Preferably, the motor apparatus includes at least one of a motor stator, a rotor, and a transformer;
the dipping treatment comprises at least one of dipping, drip dipping, roll dipping, vacuum dipping and vacuum pressure dipping.
It should be noted that, in the use process of the environment-friendly impregnating resin, curing treatment can be performed after impregnation.
The curing means includes ultraviolet radiation curing and/or thermal curing means.
Compared with the prior art, the application has the following beneficial effects:
(1) The environment-friendly heat conduction impregnating resin has the advantages of low viscosity and high heat conduction on the basis of ensuring environment friendliness.
(2) The environment-friendly heat-conducting impregnating resin also has the advantages of taking the performance advantages of the material into consideration and the convenience in use.
(3) According to the application, zirconium phosphate is used as a filler in the hot-dipping resin for the first time, so that the heat conduction performance of the environment-friendly hot-dipping resin is greatly improved, and the heat conduction test values are all higher than 0.3W (m.K).
Detailed Description
The present application will be described in detail with reference to specific examples. The following examples will assist those skilled in the art in further understanding the present application, but are not intended to limit the application in any way. It should be noted that variations and modifications could be made by those skilled in the art without departing from the inventive concept. These are all within the scope of the present application.
Examples 1 to 20 and comparative examples 1 to 7 were prepared by the following steps:
step S1: premixing unsaturated polyester resin, zirconium phosphate and environment-friendly reactive diluent for 10-40 minutes at low speed according to the component proportions shown in table 1 to obtain a premixed intermediate;
step S2: and (3) after the premixed intermediate is dispersed for 10 to 40 minutes at high speed, adding an initiator and other auxiliary agents, uniformly stirring and defoaming to obtain the final impregnating resin. The specific process parameters for each example are shown in table 2.

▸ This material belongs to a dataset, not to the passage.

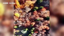 Amatör fotoğrafçıların da sıkça ziyaret ettiği yayladaki sonbahar güzellikleri, dronla havadan görüntülendi. Haber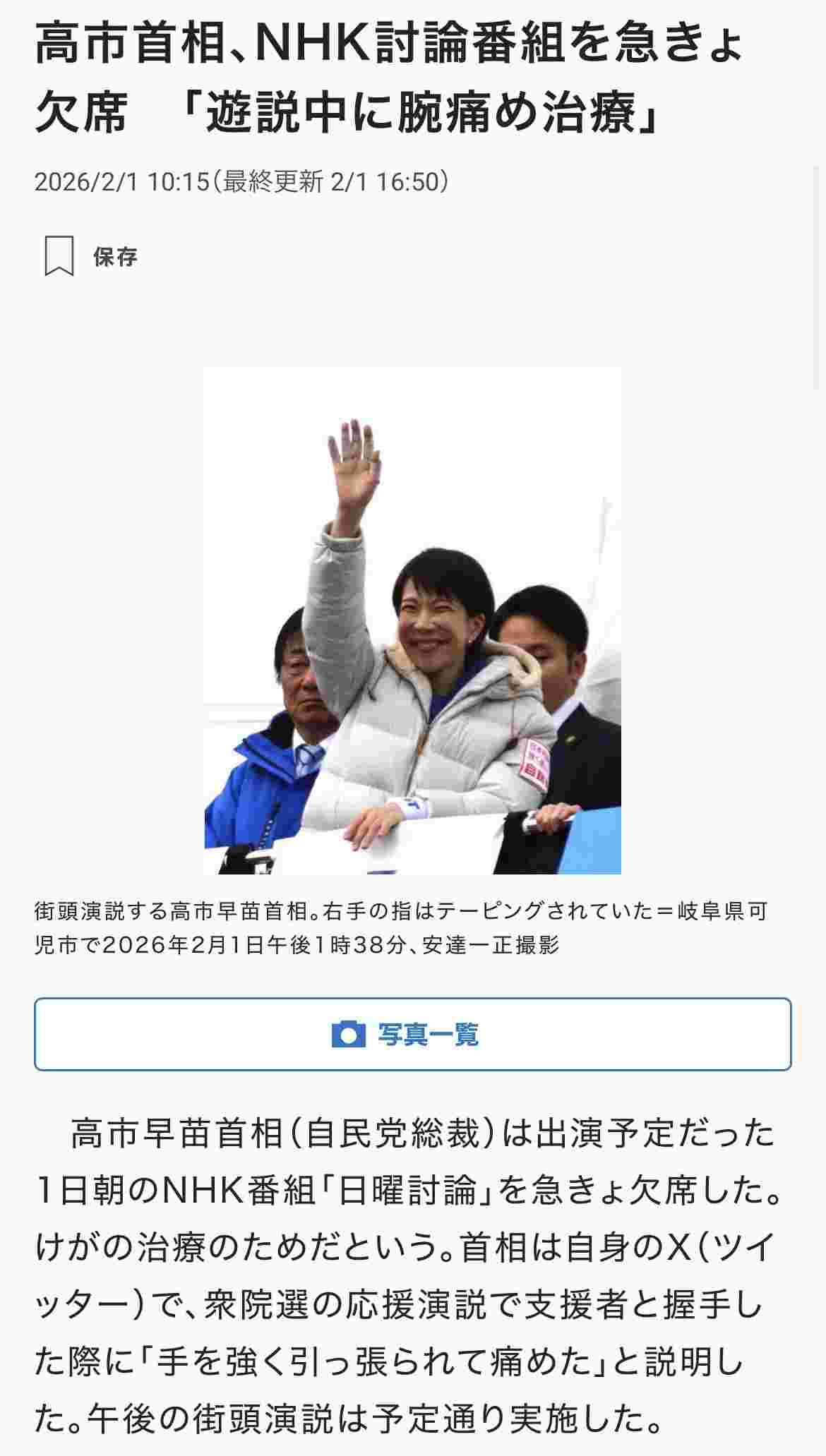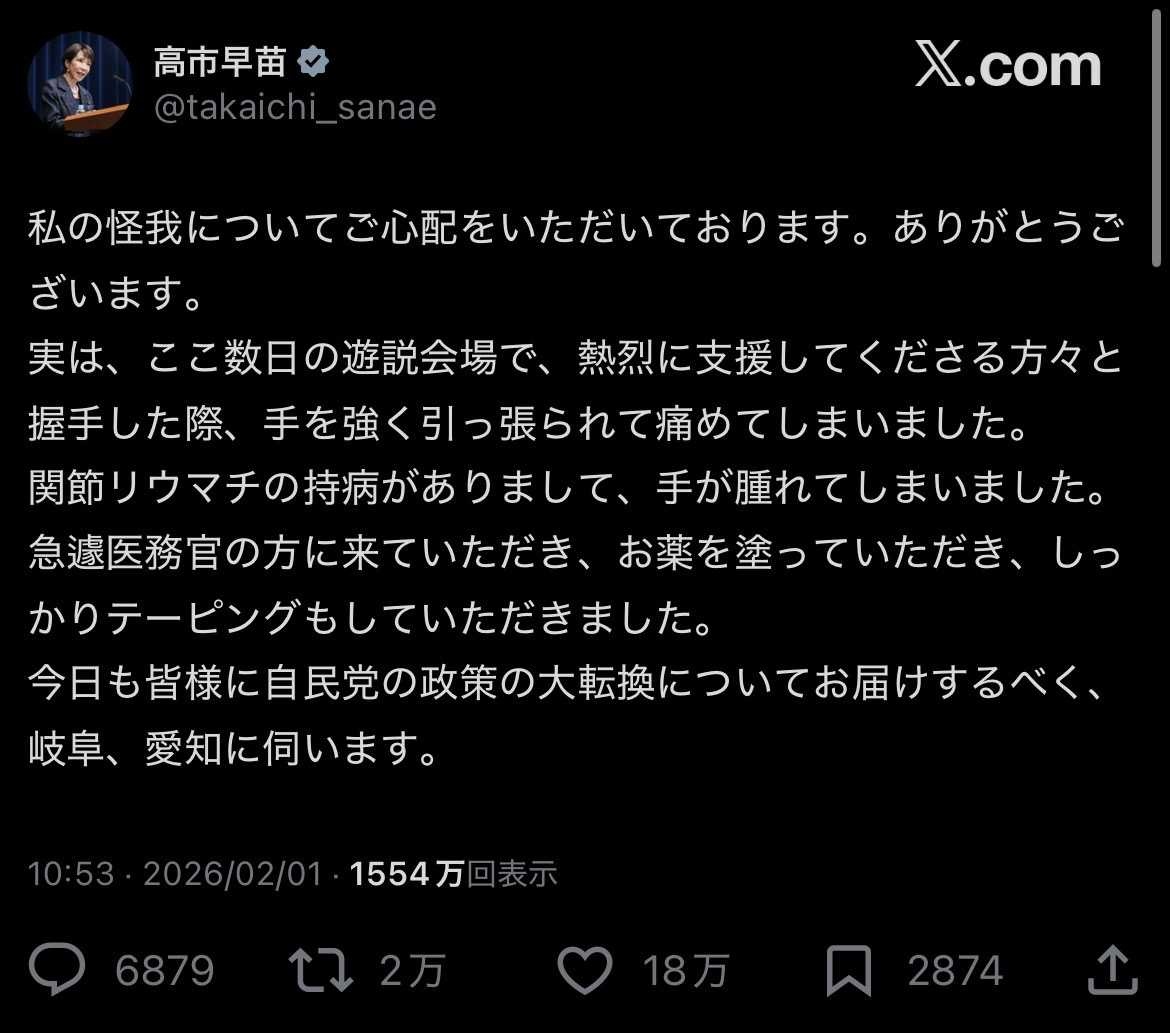 1日安静にすれば復帰できるくらいの怪我ならこれからの投票日までの握手やめて日曜討論出た方がよくない?

Among these, the polymerization inhibitor used is one of alkylated phenols, hydroquinone and benzoquinone, and 2, 4-di-tert-butylphenol or methyl hydroquinone is commonly used for alkylated phenols.

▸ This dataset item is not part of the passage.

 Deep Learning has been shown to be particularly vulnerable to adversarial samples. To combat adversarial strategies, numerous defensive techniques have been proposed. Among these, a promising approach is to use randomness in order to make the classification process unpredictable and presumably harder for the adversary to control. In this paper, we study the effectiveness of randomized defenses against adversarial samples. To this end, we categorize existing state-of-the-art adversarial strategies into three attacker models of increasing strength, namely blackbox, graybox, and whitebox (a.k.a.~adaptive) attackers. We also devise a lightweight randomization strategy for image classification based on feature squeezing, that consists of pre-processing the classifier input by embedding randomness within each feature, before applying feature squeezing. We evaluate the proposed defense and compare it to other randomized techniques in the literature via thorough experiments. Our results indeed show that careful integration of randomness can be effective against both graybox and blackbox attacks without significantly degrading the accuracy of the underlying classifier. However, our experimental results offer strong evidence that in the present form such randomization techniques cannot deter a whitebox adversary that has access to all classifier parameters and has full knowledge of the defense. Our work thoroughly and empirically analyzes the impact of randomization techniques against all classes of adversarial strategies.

The auxiliary agent can also comprise other auxiliary agents such as leveling agent, defoamer and the like, and the types and the like are not limited. Those skilled in the art can add the leveling agent EFKA 3777, BYK-370 and BYK-392 of Pick chemical Co., ltd, AFCONA-3773 of Efaku chemical Co., ltd, etc. as required, and the defoaming agent selected from TEG0 900, AFCONA-3773 of Efaku chemical Co., ltd, BYK-057 of Pick chemical Co., ltd, etc.
It is well known to those skilled in the art how to synthesize unsaturated polyester resins. During the synthesis, the progress of the reaction can be followed by measuring the acid number of the mixture and the viscosity of the test resin. During the reaction, dihydric alcoholAfter the addition of the unsaturated dibasic acid (or anhydride) in portions, the mixture is heated to 180-230 ℃ typically stepwise with stirring. After each index reaches the requirement, the reaction mixture is cooled down to obtain the required unsaturated polyester resin.

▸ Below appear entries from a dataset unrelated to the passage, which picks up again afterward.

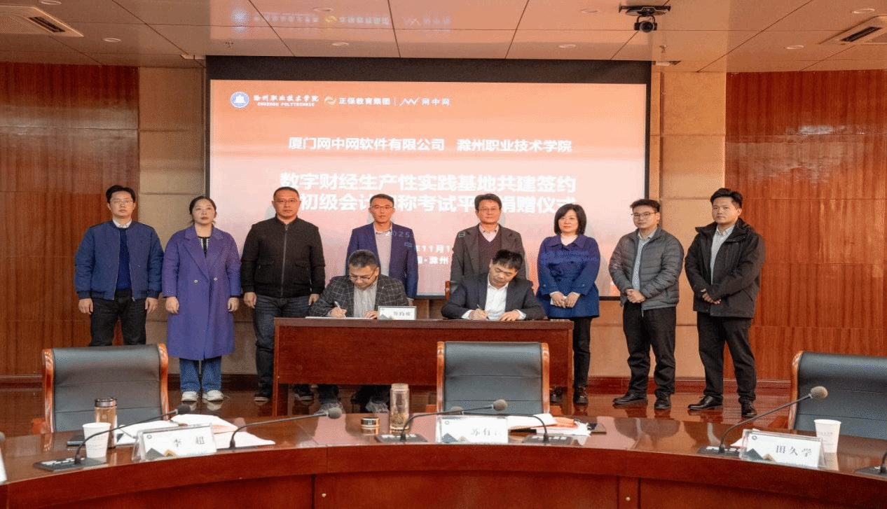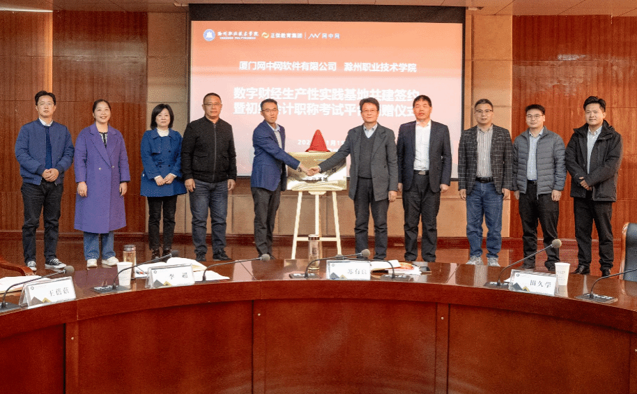 11月19日,雷竞技raybat竞猜管理学院与厦门网中网软件有限公司联合举行“数字财经生产性实践基地”共建签约暨初级会计职称考试平台捐赠仪式。校党委委员、副校长苏有良出席活动并致辞,校党委委员、商学院党总支书记李超、计划财务处处长王蓓蓓、校企合作办公室主任周多道、管理学院党总支书记何文婧、管理学院副院长颜洲,厦门网中网软件有限公司副总裁田久学、院校事业部总经理李邦勇、安徽省区域经理刘家乐、实施经理余智洋及管理学院师生代表参会。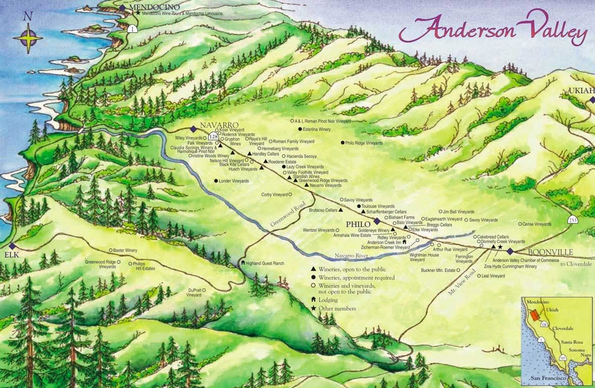 eventually reaching the town of Mendocino and the Pacific Ocean. The latest map of the Anderson Valley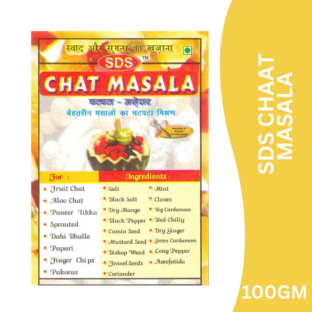 SDS Chaat Masala is a zesty blend of carefully selected spices that delivers the perfect balance of tang, spice, and aroma. Just a sprinkle transforms fruits, chaats, salads, and snacks into irresistibly chatpata treats with authentic street-style taste.

The structure of the unsaturated polyester resin can be illustrated by the following formula:
wherein x and y represent the polymerization degree of each chain segment; r is R 1 、R 2 、R 3 Respectively the skeleton structures except the active end groups in the dihydric alcohol, the unsaturated dibasic acid (anhydride) and the saturated dibasic acid (anhydride). R is R 1 、R 2 、R 3 The unsaturated polyester resin molecular chain has rich structure and different properties, and can meet various use requirements.
The dihydric alcohol can be selected from: propylene glycol, ethylene glycol, diethylene glycol, dipropylene glycol, neopentyl glycol, hydrogenated bisphenol a, bisphenol a derivatives, dibromoneopentyl glycol, and the like.
The unsaturated dibasic acid (anhydride) may be selected from: maleic anhydride, fumaric acid.
Saturated dibasic acids (anhydrides) may be selected: phthalic anhydride, isophthalic acid, oxalic acid, tetrachlorophthalic anhydride, tetrabromophthalic anhydride, tetrahydrophthalic anhydride, and the like.
In examples 1 to 20 and comparative examples 1 to 7, the unsaturated polyester resins used were synthesized from neopentyl glycol, maleic anhydride, phthalic anhydride, x and y each ranging from 3 to 8.
It should be noted that the content of the solvent in the auxiliary agent in the whole system is low, the influence on the system is negligible, and the solid content of the auxiliary agent in each manufacturer is not consistent, so the auxiliary agent is measured by the amount of solid solute in table 1.
Table 1 (the mass unit of each component in Table 1 is g)
Table 2, examples 1 to 20 and comparative examples 1 to 7 relate to specific process parameters
Performance effect verification:
Examples 1 to 20 and comparative examples 1 to 7 were tested according to the relevant test criteria: hardness is according to ISO 868; bond strength according to IEC 61033, method a (units, mPas); thermal conductivity is in accordance with ASTM D5470-17; volume resistivity was according to IEC 60093; gel time was in accordance with DIN 46448; the test results are shown in table 3:
table 3, examples 1 to 20 and comparative examples 1 to 7 test data
As can be seen from the data in Table 3, the D hardness after curing was 78 or more, which indicates that the curing was good for each of the examples and comparative examples, and the measured correlation results were of comparative significance, as well as the volume resistivity test results. In examples 1-6, the thermal conductivity increased with increasing zirconium phosphate content, but the viscosity of the finished product in example 6 increased rapidly, with some difficulty in application.
When the unsaturated polyester resin content in examples 7 to 10 is more than 35 parts, the heat conductivity becomes low; below 35 parts, the viscosity of the finished product becomes large.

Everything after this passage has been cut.